Wrestling with incongruous ideas is a part of the liberal arts tradition and one of my favorite parts of college. Extraordinary learning comes from dialogue – evaluating competing claims and argumentations. History is rife with vivid intellectual disagreements, and these disagreements demonstrate engaging with dissenting opinions can be more fruitful than stomping them out. Furthermore, dialogue is essential to building empathy, a critical part of collegiate learning. Given the significance of disagreement, we should be sensitive to practices that could threaten open discourse. One purported threat to dialogue is the ‘safe space’ movement.

Earlier this school year, Columbia student Adam Shapiro wrote to his school newspaper justifying why he designated his room an ‘unsafe space.’ “My objection to the ‘safer space’ project is not that it is trying to eliminate racism, sexism, and homophobia,” writes Shapiro, “It is precisely the opposite. My objection is that ‘safe spaces’ are attempting to create false spaces where these evils in their truest and coarsest form are kept at bay and out of the discussion.” It is worth digesting Shapiro’s piece in full, but this gets at the heart of the objection: dangerous, unsafe ideas are often beneficial.

I am no stranger to how harmful dismissing dissent can be. I came to Concordia College from a Catholic high school where I was often targeted for being an atheist. In one instance, I was required to take a special test because I did not believe a lesson had changed my life. While other students were assigned reflection papers, one other student and I took a large test consisting primarily of rote definition recall. What could have been an opportunity for learning just entrenched us deeper into our disagreement.

In her recent New York Times opinion article “In College and Hiding from Scary Ideas,” Judith Shulevitz argues – as did Shapiro – that colleges should not infantilize students. The primary target of her critique is the safe space. “…[T]he notion that ticklish conversations must be scrubbed clean of controversy has a way of leaking out and spreading. Once you designate some spaces as safe, you imply that the rest are unsafe.”

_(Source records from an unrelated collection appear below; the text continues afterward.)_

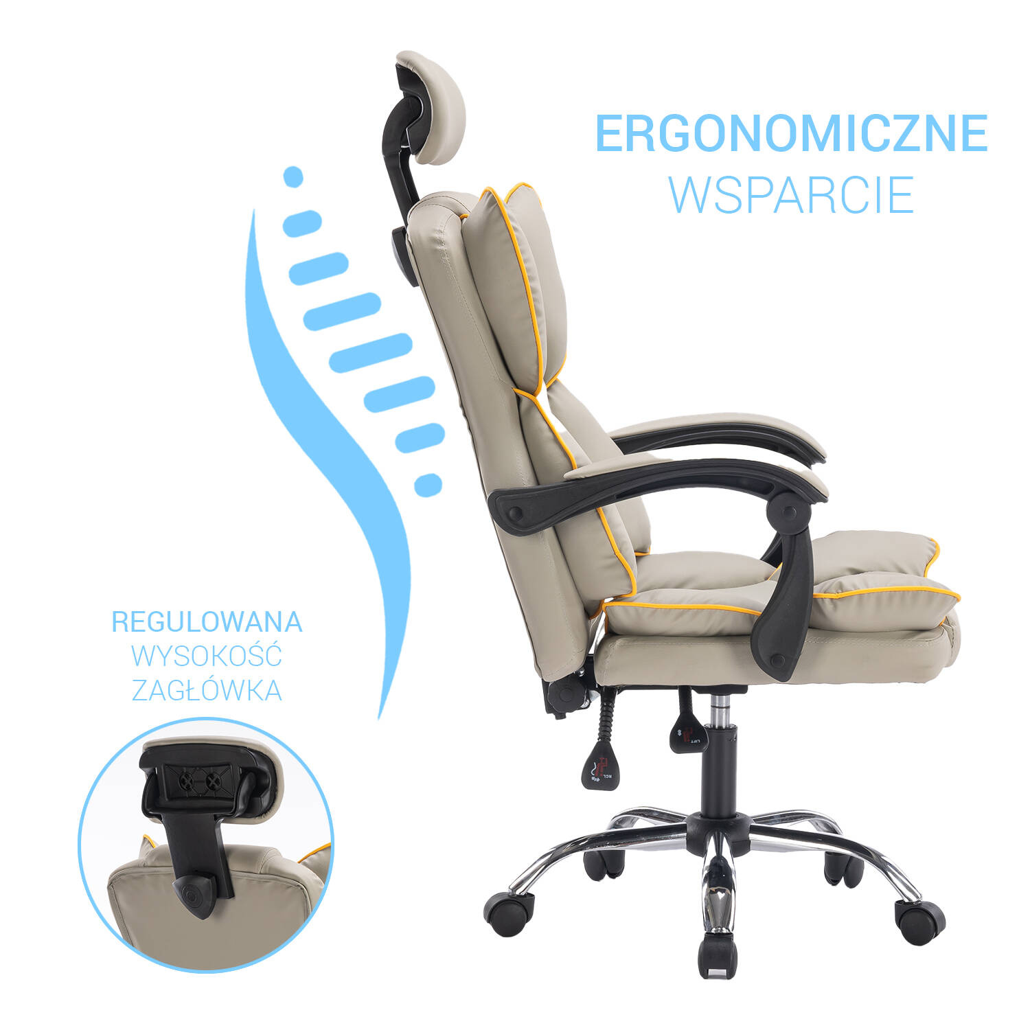 Opinie o Fotel ergonomiczny biurowy obrotowy z podnóżkiem do biurka Khaki Gold Office
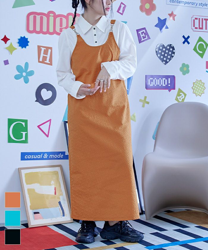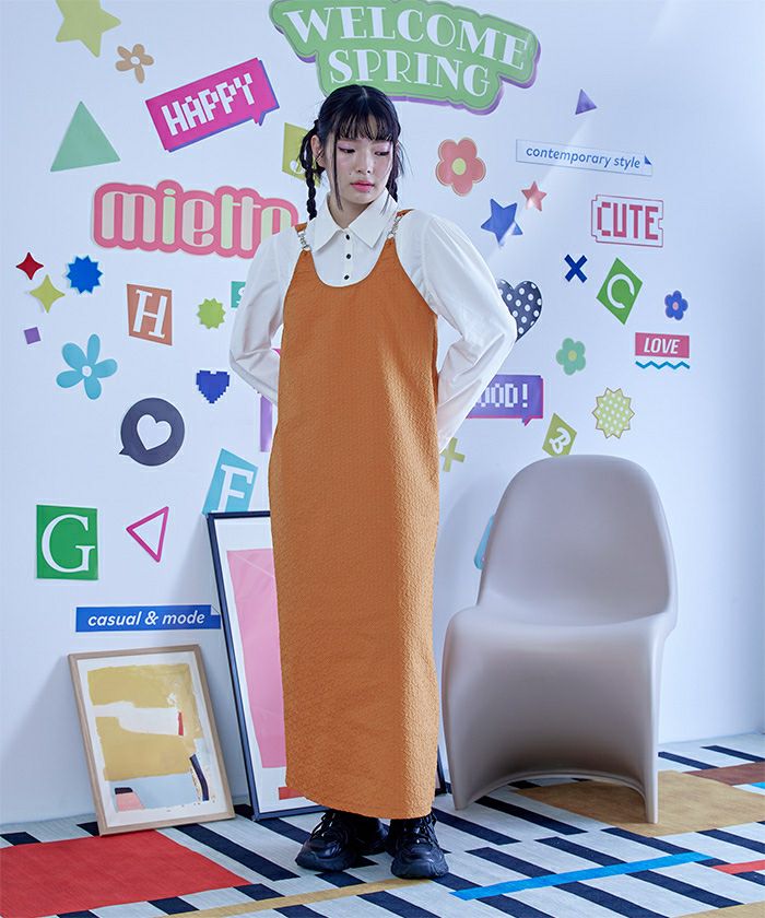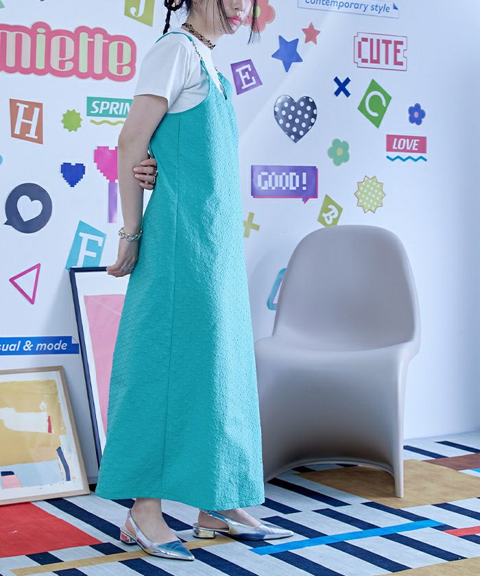 ・ハリのあるふくれジャガード素材が魅力のワンピース。
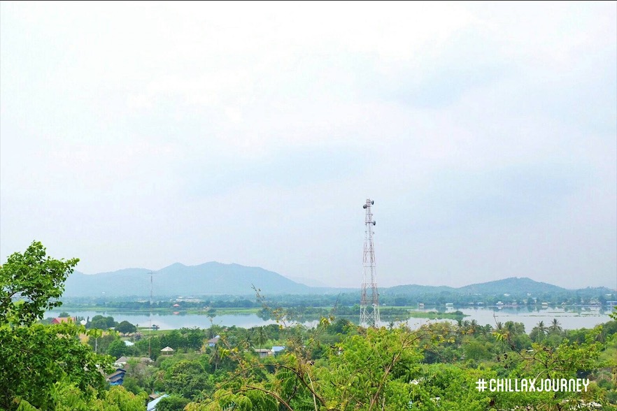 วิวจากด้านบน เห็นภูเขาและแม่น้ำแม่กลอง
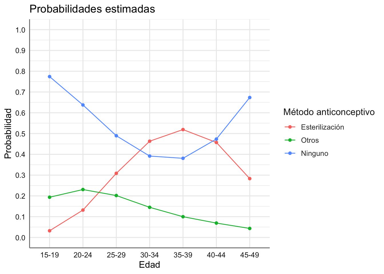 En la tabla aparecen los datos de un estudio sobre distintos usos contraceptivos en diferentes grupos generacionales. Entendiendo la variable método contraceptivo (metodo) como variable respuesta y la variable edad (edad) como predictiva, una cuestión de interés puede ser predecir el uso anticonceptivo de una mujer en función de su edad. La variable frecuencia contiene los conteos para todas las combinaciones.

My stint in less than welcoming classrooms taught me the value of healthy discourse, but it also taught me what Shapiro and Shulevitz missed: students may need the emotional support safe spaces can provide. Attending meetings of Concordia’s then-unofficial Secular Student Group proved immensely helpful as I tried to view myself in a more positive light than some of my former teachers did. Why? Because Shulevitz is right: safe spaces are adrift in a sea of unsafe spaces.

My plight of taking a punishing test is nothing – this country can be a grim place for young people. The second leading cause of death for Americans ages 15-34 is suicide, followed closely by homicide. The Californian “Sodomite Suppression Act” has reached enough signatures to reach the ballot. The act calls for anyone who would ever or has ever engaged in same sex sexual acts to “be put to death by bullets to the head or by any other convenient method.” Meanwhile, one in four young women experience rape or attempted rape prior to or during college. A prominent columnist can see this and similar statistics, argue colleges encourage women to make false rape reports by “[making] victimhood a coveted status that confers privileges,” and be lauded. Evidence suggests women who don’t attend college fare even worse. While we are a few centuries removed from Hobbes’ Leviatihan, life can still be nasty and brutish. All the more reason for young people to have places they can identify as safe.

I see Shulevitz’s point: colleges shouldn’t hide students from controversial ideas. A former debater, I too believe in the importance of dialogue. Yet the debate about safe spaces is missing that, for too many young people, safety is a luxury. Shulevitz’s opinion could have done better to recognize that students are not just hiding from scary ideas, but from a scary reality.